All the best for a full recovery Rods, my wife has Hashimoto's AID, and your story of GP's inability to recognise and deal with the problem is very familiar to us.

Best wishes.

TBH, Chris, I'm not sure many non-specialists would recognise rare syndromes. It's a scary fact that you have to develop serious, specific symptoms before a diagnosis can be made, usually at a hospital.

My experience is that my local hospital and their doctors and staff are very, very good and that the GP services are complacent, poor and very amateurish. For most appointments there are two cop-outs, a prescription after minimal examination, to get rid of you and the next patient in or come back in a month's time to see how it is, to get rid of you.

My allocated GP is one of the better ones where she is more though and old school than most. she was not happy with my eyes using a old poor eye-light to look inside my eyes on two examinations and she did realise on the second emergency visit very late in the day the problem and got me into the local hospital eye clinic as an emergency patient very quickly, which may well have saved me from permanent blindness in one or both eyes. The other three GPs involved didn't bother with proper examinations with a fob off ineffective prescription, where they didn't through a lack of proper examination understand and never could of, the problem. From my extensive engineering fault finding where all my career has been in R&D, i recognise in hindsight how dangerous their stupid, complacent and sloppy their fault finding was and I'm much more assertive and proactive now as a result on all GP visits. With all fault finding you can never make ANY assumptions on the cause, when you do 9 times out of 10 it will bite you in the bum. With earlier diagnosis and intervention I would not have suffered from most of the permanent and irreversible damage to my left eye. The amateurish advice was to visit my local quick fit fitter opticians as they maybe able to see more (very doubtful and more likely not) on what the problem was!!! They are not geared up to diagnose viral eye infections, where their cameras as a result cannot actually see into an opaque eye!

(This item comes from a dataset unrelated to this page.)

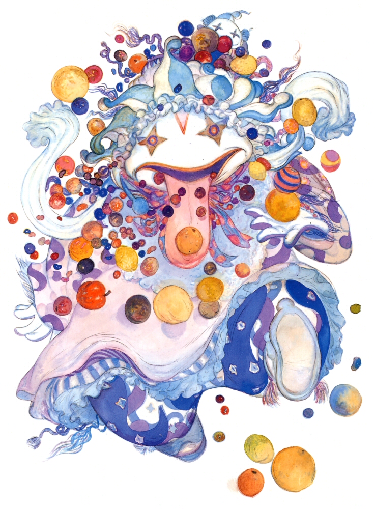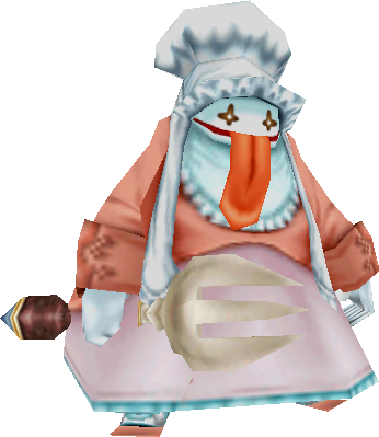 Quina is a genderless Qu, a tribe known for their strange eating habits, long tongues, and poor language skills. Quina wears a chef's hat, and their tongue hangs out to the middle of their chest. They wear a salmon-pink overcoat with a baby-pink apron over it, has a napkin tied around their neck, and wears white gloves and blue shoes with white ribbons. In Trance, Quina's facial area resembles Vivi's (long black tongue notwithstanding) having disappeared into a void with only bright white eyes to hint they have a face. Clothes are replaced by an obese armor set complete with an elaborate neck armor and their chef's hat may possibly be metal as well. The armor includes a decorative design on the chest.

That sounds about right. Having said that, I do have sympathy with the fact that a) They allot 10 mins per patient, and b) In many cases - as in my wife's hypothyroidism, resulting from her Hashimoto's - there is only one prescribed treatment allowed by the NHS, which in our case, resulted in my wife becoming more and more ill. Hence my having to research the condition and obtaining private treatment, involving obtaining medication from the USA. Fortunately she is now back to 90% health due to this treatment, which is not available on the NHS.

Best wishes for a full recovery Rods.

[Rods2]

Personally I find the NHS / patient relationship very odd and difficult, where you pay in advance and live in hope that you will be treated. The French approach where it is actually a fund seems to be by outcome much more effective as no treatment means no payment to the doctor or hospital, whereas here it saves the doctor or hospital budget for another day and in France a growing area for treatment automatically attracts additional funds and resources, whereas with the NHS it will automatically run out of both without management / political / ministerial intervention.